I don't know but I am considering the possibility that even for everyday tasks, this kind of exploratory shortcut can be a simple convenience. Furthermore, it is precisely the lack of context that enables LLMs to make these non-human, non-specific connective leaps, their weakness also being their strength. In this sense, they bode as a new kind of discursive common-ground--if human conversants are saying things that an LLM can easily catch then LLMs could even serve as the lowest-common-denominator for laying out arguments, disagreements, talking past each other, etc.

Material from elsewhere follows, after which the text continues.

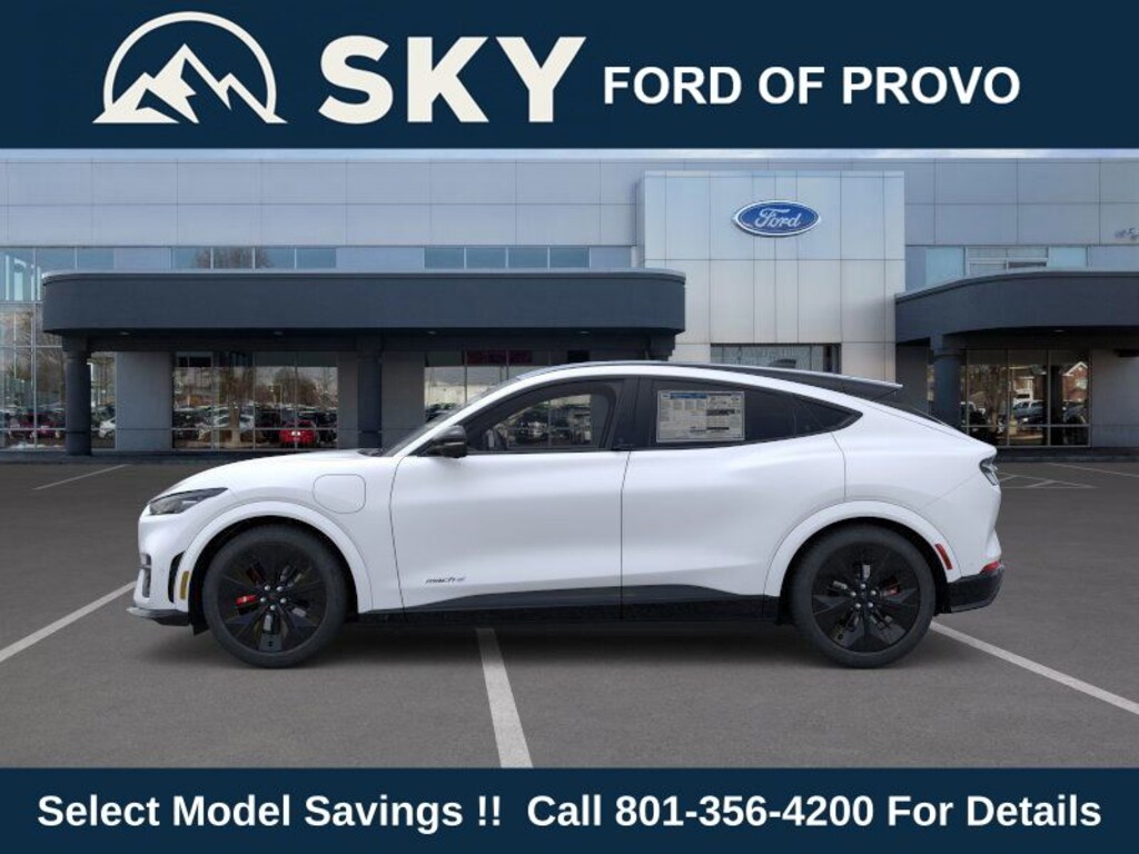 This 2025 Star White Metallic Tri-Coat Ford Mustang Mach-E GT AWD is well equipped and includes these features and benefits: 10 Speakers, 4-Wheel Disc Brakes, ABS brakes, Adaptive suspension, Air Conditioning, Alloy wheels, AM/FM radio: SiriusXM with 360L, Apple CarPlay/Android Auto, Auto High-beam Headlights, Auto-dimming Rear-View mirror, Automatic temperature control, Brake assist, Bumpers: body-color, Compass, Delay-off headlights, Driver door bin, Driver vanity mirror, Dual front impact airbags, Dual front side impact airbags, Electronic Stability Control, Emergency communication system: 911 Assist, Exterior Parking Camera Rear, Four wheel independent suspension, Front anti-roll bar, Front Bucket Seats, Front Center Armrest, Front dual zone A/C, Front reading lights, Fully automatic headlights, Garage door transmitter, Heated door mirrors, Heated front seats, Heated Perforated ActiveX Performance Seats, Heated steering wheel, Illuminated entry, Knee airbag, Low tire pressure warning, Memory seat, Navigation system: Connected Navigation, Occupant sensing airbag, Outside temperature display, Overhead airbag, Overhead console, Panic alarm, Passenger door bin, Passenger vanity mirror, Power door mirrors, Power driver seat, Power Liftgate, Power passenger seat, Power steering, Power windows, Radio data system, Radio: B&O Sound System by Bang & Olufsen, Rain sensing wipers, Rear anti-roll bar, Rear seat center armrest, Rear side impact airbag, Rear window defroster, Rear window wiper, Remote keyless entry, Security system, SiriusXM w/360L, Speed control, Speed-sensing steering, Speed-Sensitive Wipers, Split folding rear seat, Spoiler, Steering wheel mounted audio controls, SYNC 4A w/Enhanced Voice Recognition, Telescoping steering wheel, Tilt steering wheel, Traction control, Trip computer, Turn signal indicator mirrors, Variably intermittent wipers, and Wheels: 20" Monochromatic High Gloss Black-Painted.

But that's in principle, and in practice that is too idealistic, as long as these are built and owned as capitalist IPs.

> And also, I don't trust some misandric f*ck not to sell my data before piping it into my dataset.

..."misandric"? Is this some kind of red pill MRA persecution complex shibboleth you picked up from Andrew Tate's youtube channel and like to interject into all your emails and postings?

Do you really think some "f*ck" out there is hell bent on persecuting you just because you're male, and not just because they're a "f*ck" who is out to sell everyone's data no matter what their gender? Do you really believe they're not out to sell women's data too?

So in the spirit of this discussion, just how would you write a prompt explaining to an LLM when you like to interject words like "misandric" into your email and postings, so it really sounds like you writing? Why did you choose that particular term, and how would you explain in an LLM system prompt when and why you use it? Do you believe you get reverse discriminated against, persecuted, and picked on just because you're male, and choose to use that term because you want to signal your male persecution complex to everyone?